### Task statement
Begin the copy at the line containing "ДТП с автобусом" in the data below and end it at the line containing "夏休み親子教室案内 教室一覧表 | |||", keeping each line exact and leaving out pictures.

### Extracted material
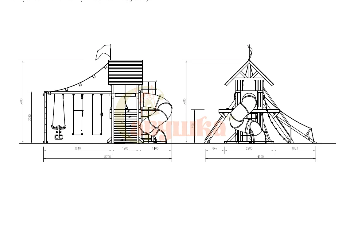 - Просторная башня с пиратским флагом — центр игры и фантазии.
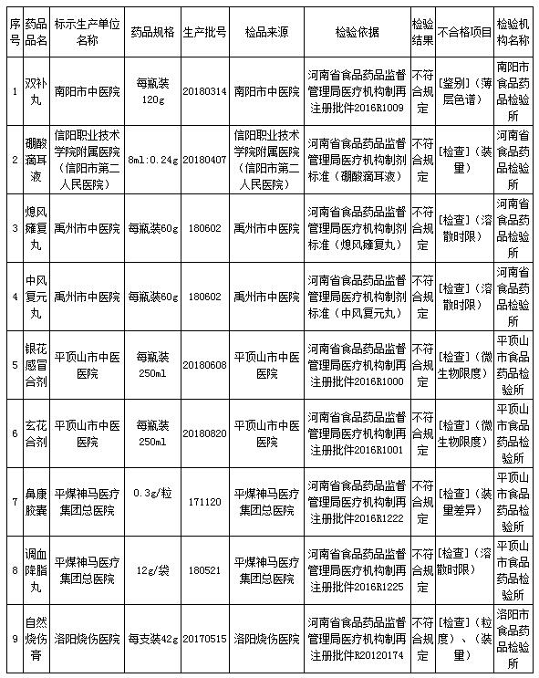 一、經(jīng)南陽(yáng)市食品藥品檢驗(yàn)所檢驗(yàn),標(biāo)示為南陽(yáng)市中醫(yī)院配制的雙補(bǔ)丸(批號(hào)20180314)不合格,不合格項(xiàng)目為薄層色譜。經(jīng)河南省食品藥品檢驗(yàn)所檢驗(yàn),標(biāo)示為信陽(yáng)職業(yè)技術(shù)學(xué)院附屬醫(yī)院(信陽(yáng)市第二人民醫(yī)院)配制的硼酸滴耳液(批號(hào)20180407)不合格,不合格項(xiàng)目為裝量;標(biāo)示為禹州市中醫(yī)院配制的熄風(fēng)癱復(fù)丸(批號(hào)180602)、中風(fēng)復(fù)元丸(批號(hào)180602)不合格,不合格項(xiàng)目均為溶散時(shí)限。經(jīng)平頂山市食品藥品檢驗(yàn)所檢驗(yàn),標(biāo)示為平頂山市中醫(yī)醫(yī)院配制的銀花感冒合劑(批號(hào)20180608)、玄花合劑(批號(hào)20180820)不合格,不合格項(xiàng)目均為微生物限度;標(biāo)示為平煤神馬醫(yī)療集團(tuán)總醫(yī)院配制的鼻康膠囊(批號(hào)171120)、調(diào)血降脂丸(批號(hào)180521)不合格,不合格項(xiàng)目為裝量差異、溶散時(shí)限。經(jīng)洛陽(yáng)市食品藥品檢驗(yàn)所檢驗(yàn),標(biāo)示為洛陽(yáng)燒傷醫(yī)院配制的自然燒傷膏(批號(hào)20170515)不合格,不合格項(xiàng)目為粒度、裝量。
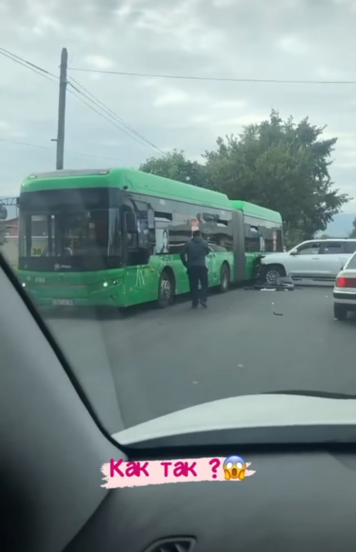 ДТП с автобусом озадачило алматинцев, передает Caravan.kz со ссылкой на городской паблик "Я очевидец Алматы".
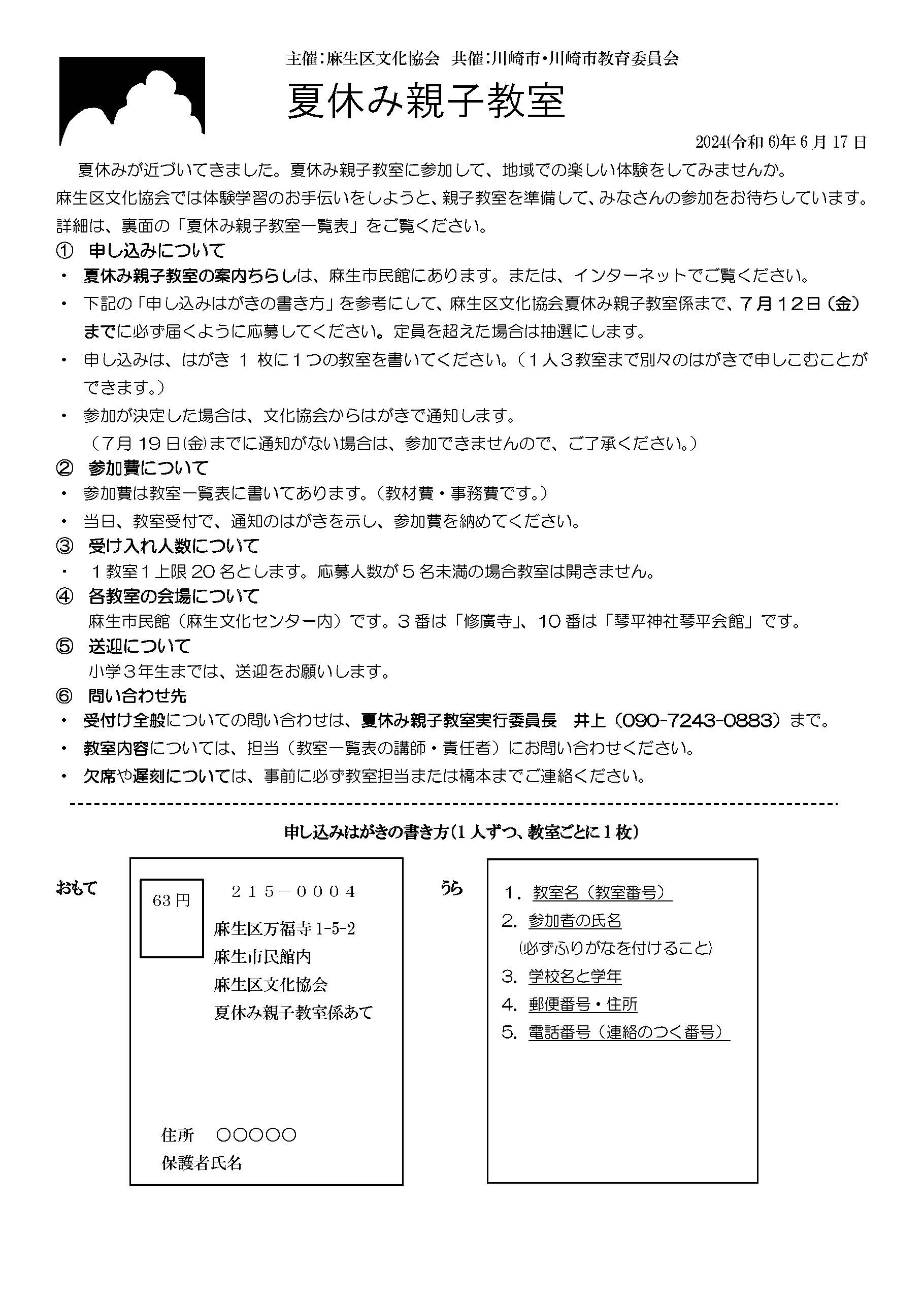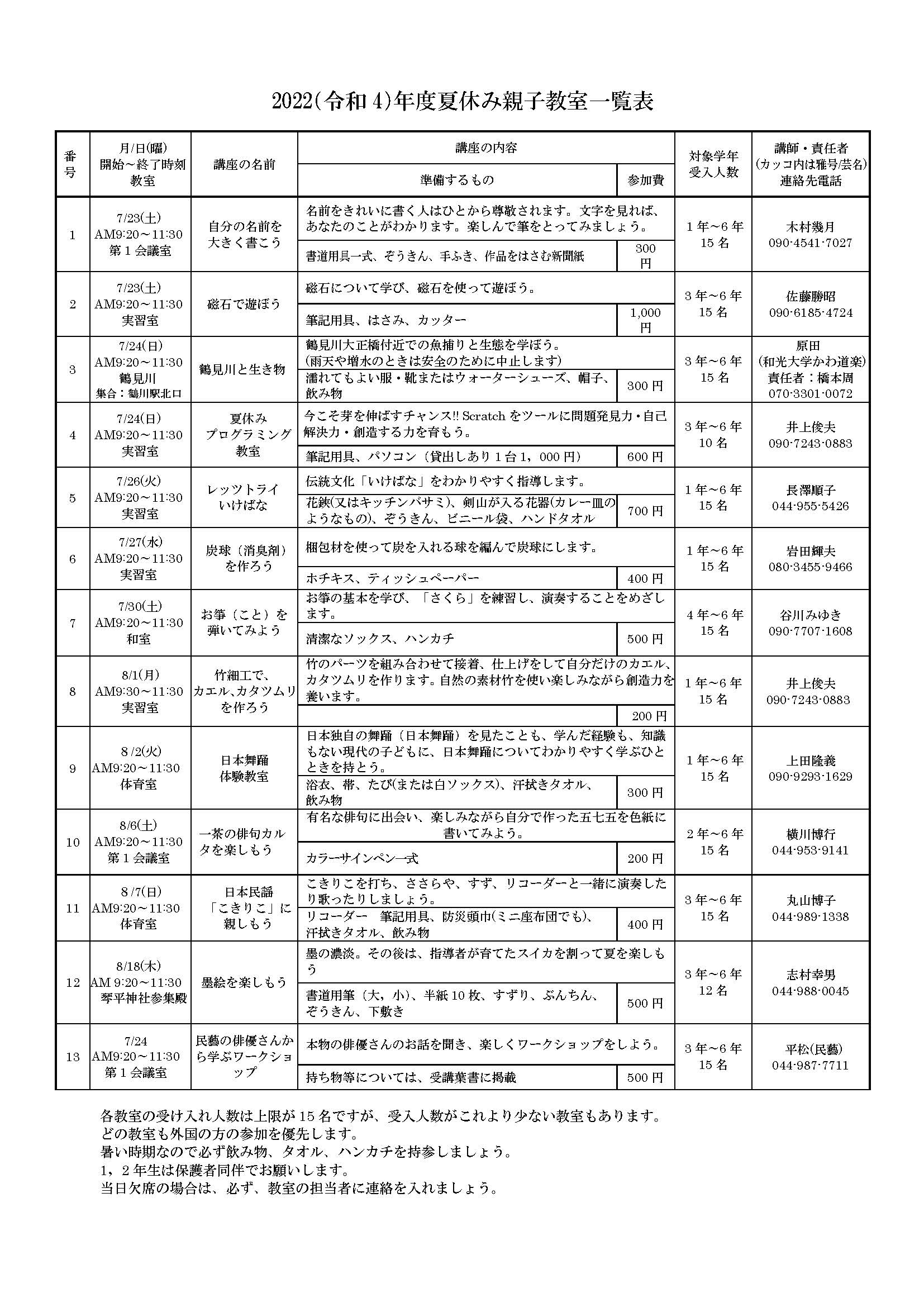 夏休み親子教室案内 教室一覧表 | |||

--

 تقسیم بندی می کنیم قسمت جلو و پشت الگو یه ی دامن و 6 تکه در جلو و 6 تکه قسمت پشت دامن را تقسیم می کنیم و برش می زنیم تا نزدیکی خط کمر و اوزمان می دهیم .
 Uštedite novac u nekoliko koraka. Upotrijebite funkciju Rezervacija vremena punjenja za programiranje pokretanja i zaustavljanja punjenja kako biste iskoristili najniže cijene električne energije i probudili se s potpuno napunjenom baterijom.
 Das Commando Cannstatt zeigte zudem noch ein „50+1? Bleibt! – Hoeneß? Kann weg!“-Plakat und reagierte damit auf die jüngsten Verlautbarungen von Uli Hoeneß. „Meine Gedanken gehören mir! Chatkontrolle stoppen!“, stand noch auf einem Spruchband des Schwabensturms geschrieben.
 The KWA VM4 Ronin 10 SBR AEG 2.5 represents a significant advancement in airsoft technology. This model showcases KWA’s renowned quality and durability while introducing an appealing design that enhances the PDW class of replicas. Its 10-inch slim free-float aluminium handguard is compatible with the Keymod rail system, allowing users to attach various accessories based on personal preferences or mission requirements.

### Result of this exercise
 ДТП с автобусом озадачило алматинцев, передает Caravan.kz со ссылкой на городской паблик "Я очевидец Алматы".
 夏休み親子教室案内 教室一覧表 | |||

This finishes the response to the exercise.